> **What to work on**
A word-for-word copy of the data is what's wanted; pictures stay out of it.

***** Source material

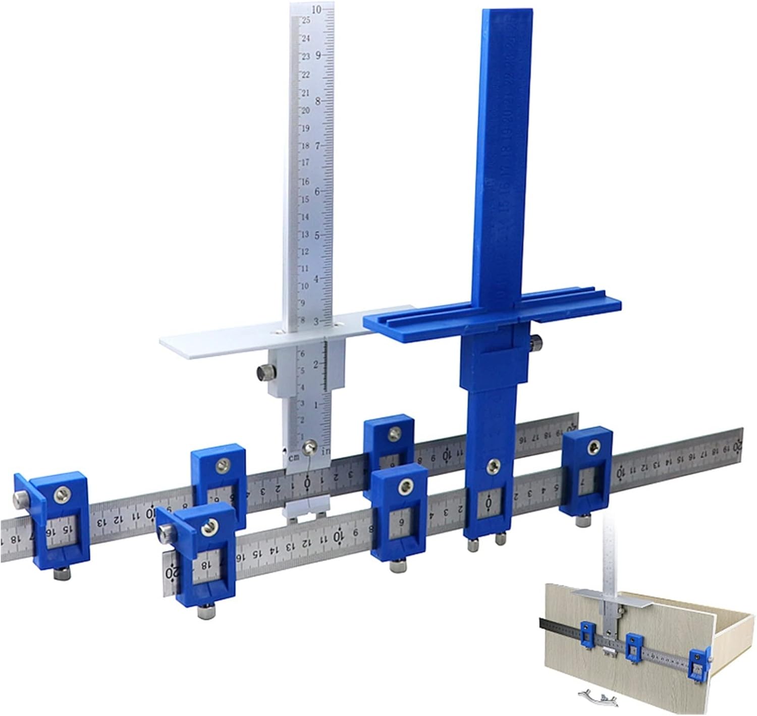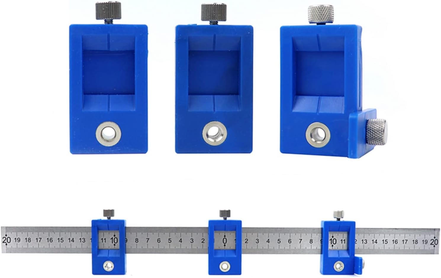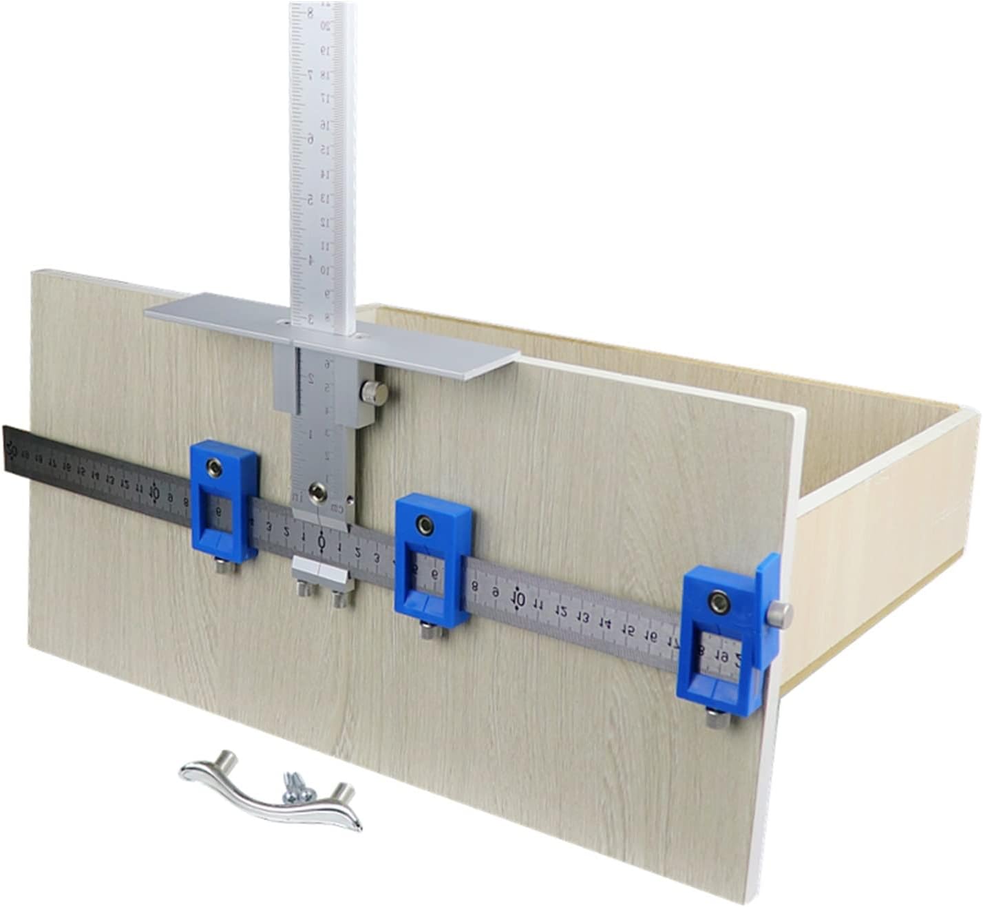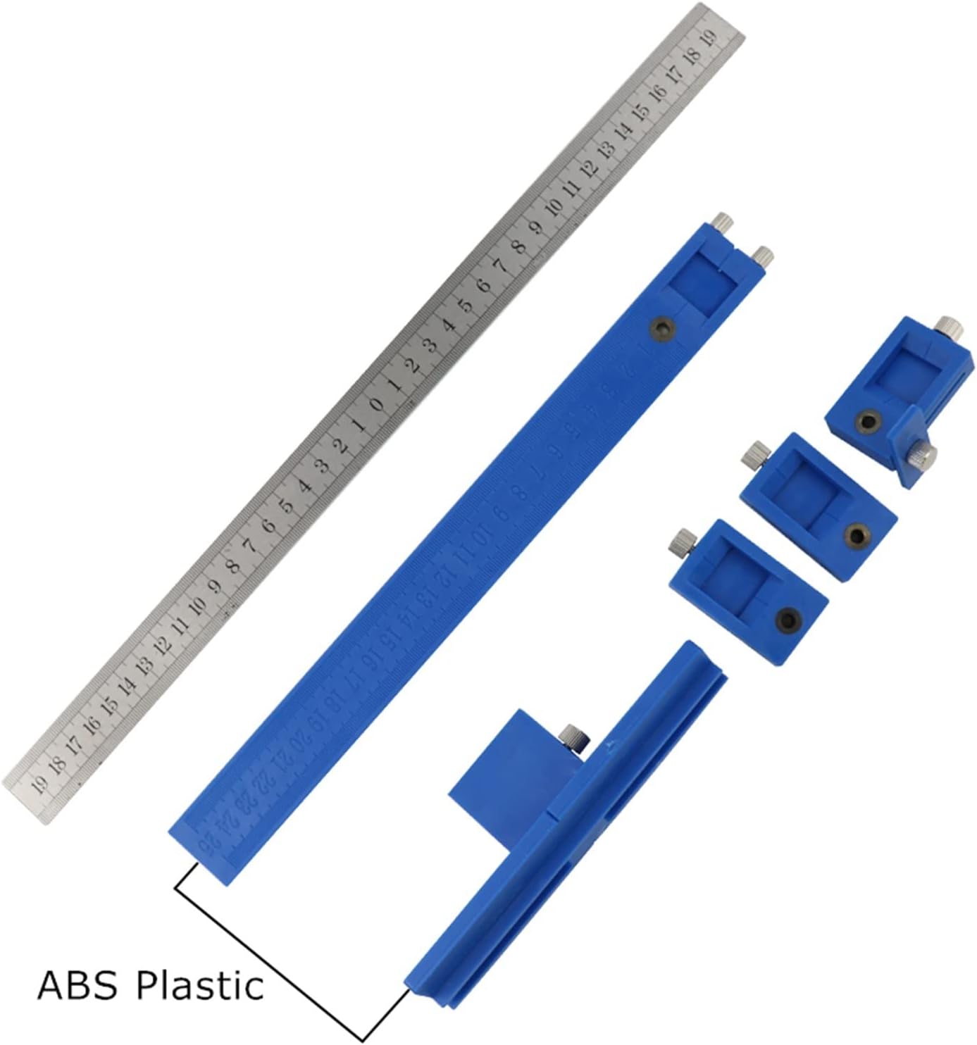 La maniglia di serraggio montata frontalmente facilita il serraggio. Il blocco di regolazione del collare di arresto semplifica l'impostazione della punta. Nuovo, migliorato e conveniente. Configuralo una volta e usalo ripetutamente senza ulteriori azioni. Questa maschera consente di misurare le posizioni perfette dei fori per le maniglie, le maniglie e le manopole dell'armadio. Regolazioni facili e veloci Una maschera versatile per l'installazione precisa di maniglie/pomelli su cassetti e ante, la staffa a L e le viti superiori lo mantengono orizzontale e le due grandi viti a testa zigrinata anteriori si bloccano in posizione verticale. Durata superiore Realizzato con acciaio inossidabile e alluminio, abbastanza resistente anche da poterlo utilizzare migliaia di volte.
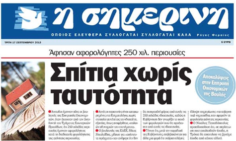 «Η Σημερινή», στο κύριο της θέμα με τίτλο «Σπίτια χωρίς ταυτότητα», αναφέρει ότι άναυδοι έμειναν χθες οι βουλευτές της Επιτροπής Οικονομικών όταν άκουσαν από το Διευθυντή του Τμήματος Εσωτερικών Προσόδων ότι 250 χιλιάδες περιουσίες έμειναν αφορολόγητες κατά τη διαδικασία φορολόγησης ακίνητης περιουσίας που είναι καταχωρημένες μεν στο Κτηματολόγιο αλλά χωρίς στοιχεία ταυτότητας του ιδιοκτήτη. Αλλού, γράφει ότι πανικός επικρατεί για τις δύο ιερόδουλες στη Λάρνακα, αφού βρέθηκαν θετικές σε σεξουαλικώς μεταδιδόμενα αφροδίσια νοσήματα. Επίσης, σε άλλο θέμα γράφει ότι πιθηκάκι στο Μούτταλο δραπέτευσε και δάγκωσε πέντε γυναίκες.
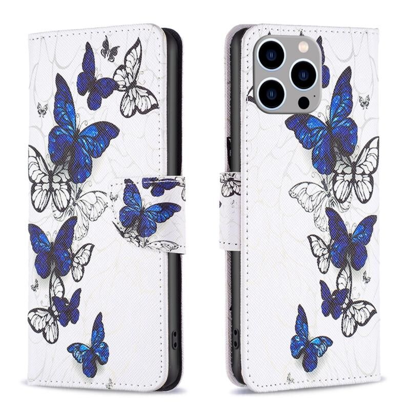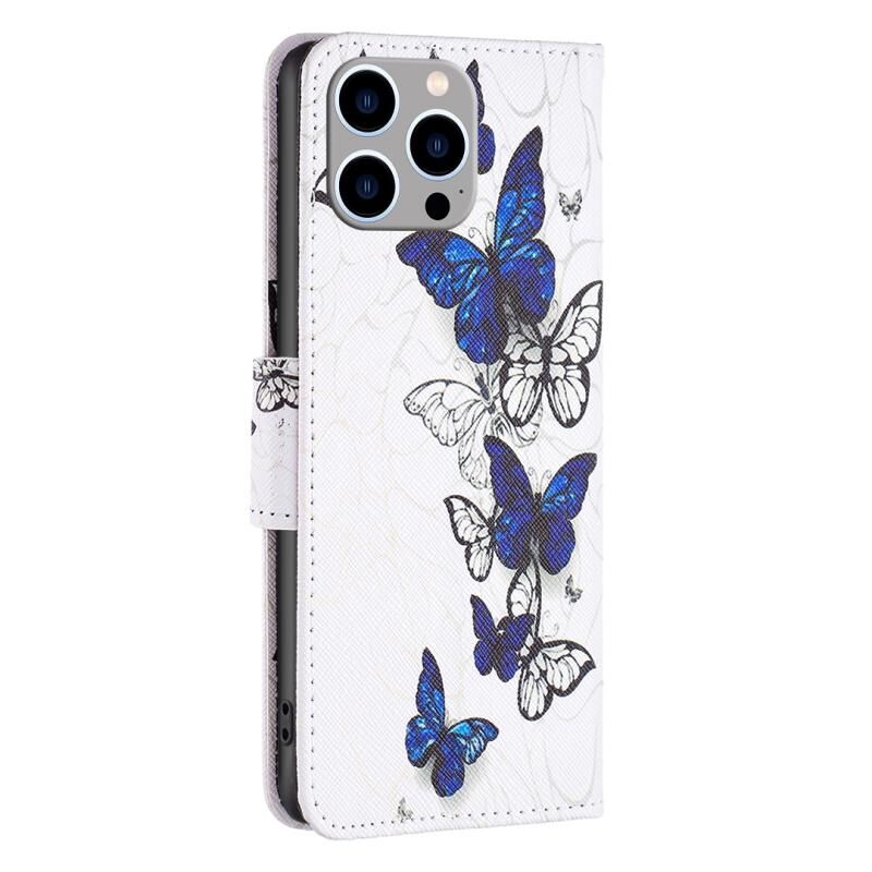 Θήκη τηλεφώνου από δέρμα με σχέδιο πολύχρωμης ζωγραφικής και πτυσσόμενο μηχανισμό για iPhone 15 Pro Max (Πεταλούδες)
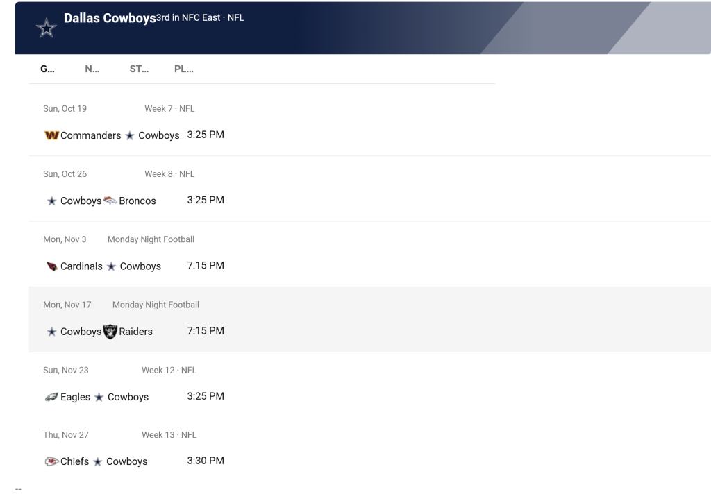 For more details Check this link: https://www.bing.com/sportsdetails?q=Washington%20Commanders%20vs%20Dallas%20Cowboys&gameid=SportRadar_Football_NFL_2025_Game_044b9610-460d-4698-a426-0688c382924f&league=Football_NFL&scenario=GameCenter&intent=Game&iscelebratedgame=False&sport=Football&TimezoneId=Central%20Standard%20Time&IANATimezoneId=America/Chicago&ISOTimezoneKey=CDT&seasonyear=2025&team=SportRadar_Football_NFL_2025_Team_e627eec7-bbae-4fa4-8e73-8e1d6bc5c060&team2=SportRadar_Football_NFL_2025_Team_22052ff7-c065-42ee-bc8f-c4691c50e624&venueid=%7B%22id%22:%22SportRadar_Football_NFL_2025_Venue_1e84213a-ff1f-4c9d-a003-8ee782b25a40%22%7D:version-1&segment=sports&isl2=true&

**********

> **Solved problem**
 La maniglia di serraggio montata frontalmente facilita il serraggio. Il blocco di regolazione del collare di arresto semplifica l'impostazione della punta. Nuovo, migliorato e conveniente. Configuralo una volta e usalo ripetutamente senza ulteriori azioni. Questa maschera consente di misurare le posizioni perfette dei fori per le maniglie, le maniglie e le manopole dell'armadio. Regolazioni facili e veloci Una maschera versatile per l'installazione precisa di maniglie/pomelli su cassetti e ante, la staffa a L e le viti superiori lo mantengono orizzontale e le due grandi viti a testa zigrinata anteriori si bloccano in posizione verticale. Durata superiore Realizzato con acciaio inossidabile e alluminio, abbastanza resistente anche da poterlo utilizzare migliaia di volte.
 «Η Σημερινή», στο κύριο της θέμα με τίτλο «Σπίτια χωρίς ταυτότητα», αναφέρει ότι άναυδοι έμειναν χθες οι βουλευτές της Επιτροπής Οικονομικών όταν άκουσαν από το Διευθυντή του Τμήματος Εσωτερικών Προσόδων ότι 250 χιλιάδες περιουσίες έμειναν αφορολόγητες κατά τη διαδικασία φορολόγησης ακίνητης περιουσίας που είναι καταχωρημένες μεν στο Κτηματολόγιο αλλά χωρίς στοιχεία ταυτότητας του ιδιοκτήτη. Αλλού, γράφει ότι πανικός επικρατεί για τις δύο ιερόδουλες στη Λάρνακα, αφού βρέθηκαν θετικές σε σεξουαλικώς μεταδιδόμενα αφροδίσια νοσήματα. Επίσης, σε άλλο θέμα γράφει ότι πιθηκάκι στο Μούτταλο δραπέτευσε και δάγκωσε πέντε γυναίκες.
 Θήκη τηλεφώνου από δέρμα με σχέδιο πολύχρωμης ζωγραφικής και πτυσσόμενο μηχανισμό για iPhone 15 Pro Max (Πεταλούδες)
 For more details Check this link: https://www.bing.com/sportsdetails?q=Washington%20Commanders%20vs%20Dallas%20Cowboys&gameid=SportRadar_Football_NFL_2025_Game_044b9610-460d-4698-a426-0688c382924f&league=Football_NFL&scenario=GameCenter&intent=Game&iscelebratedgame=False&sport=Football&TimezoneId=Central%20Standard%20Time&IANATimezoneId=America/Chicago&ISOTimezoneKey=CDT&seasonyear=2025&team=SportRadar_Football_NFL_2025_Team_e627eec7-bbae-4fa4-8e73-8e1d6bc5c060&team2=SportRadar_Football_NFL_2025_Team_22052ff7-c065-42ee-bc8f-c4691c50e624&venueid=%7B%22id%22:%22SportRadar_Football_NFL_2025_Venue_1e84213a-ff1f-4c9d-a003-8ee782b25a40%22%7D:version-1&segment=sports&isl2=true&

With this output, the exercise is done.